What It Feels Like From Your Side

The sharpest sensation happens during the initial skin puncture, which lasts about one to two seconds. Some people feel a brief sting or pinch, while others describe a dull pressure. Once the needle is out and only the catheter remains, most people feel little to nothing at the insertion site unless the catheter shifts or the vein becomes irritated.

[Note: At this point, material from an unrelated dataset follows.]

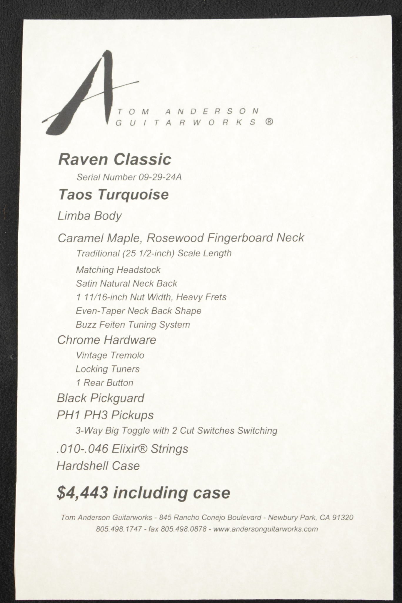 Tom Anderson Raven Classic Taos Turquoise

Signs that something isn’t right with an existing IV include swelling, redness, a burning sensation during infusion, or the area around the site feeling cold and puffy (which can indicate the fluid is leaking into tissue instead of flowing into the vein). These problems are usually resolved by removing the catheter and placing a new one at a different site. Current clinical practice favors replacing IVs based on these types of symptoms rather than on a fixed schedule, meaning a well-functioning catheter can stay in place as long as the site looks and feels normal.